5 With a new refreshed look for 2007! (May not be available in your area).

6 It still exists, at least when I checked a few minutes ago.

7 Facebook knows best. Know your role. Turn over your information for tracking.

8 Stuff like this for field botany, this for Gravatar bios, this for simply posting papers for comment, collecting grave marker information, logging bike safety information on a map etc. etc. The options are endless.
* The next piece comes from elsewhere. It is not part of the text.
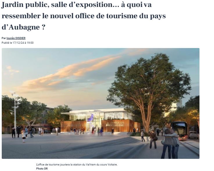 Article de La Provence Publié le 17/12/24 : « Jardin public, salle d’exposition… à quoi va ressembler le nouvel office de tourisme du pays d’Aubagne ? »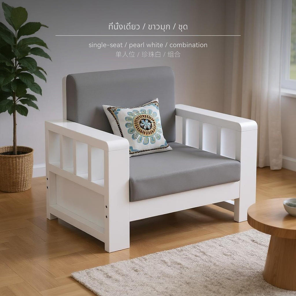 Maxbell Solid Wood Sofa Set for Living Room, Modern Simple Design 1 seat pearl white combo

9 I’d do that in Google Docs

2 thoughts on “Why WordPress? The 2016 Version – Still a Fan

  1. I am prepping for my fall grad course and am planning to move my course site and my students to WordPress. My university supports its use and I am hoping that they will be able to morph their WordPress site into their electronic portfolios. I’ve been using Google Sites but I know changes are coming. And switching to WordPress forces me to rethink the course completely rather than just copying the site and making cosmetic changes. I think we’ll be at the low threshold level for the course but I want them to have a high ceiling option. My main concern is how long the university will host their sites.

    1. When I did adjunct stuff at UR I ran a WP Multisite on one of the cheap shared hosting accounts. I put the student blogs on that for a few years without any drama. That’s one of the reasons I like WP. It’s great if you have university support but if not you can do it yourself.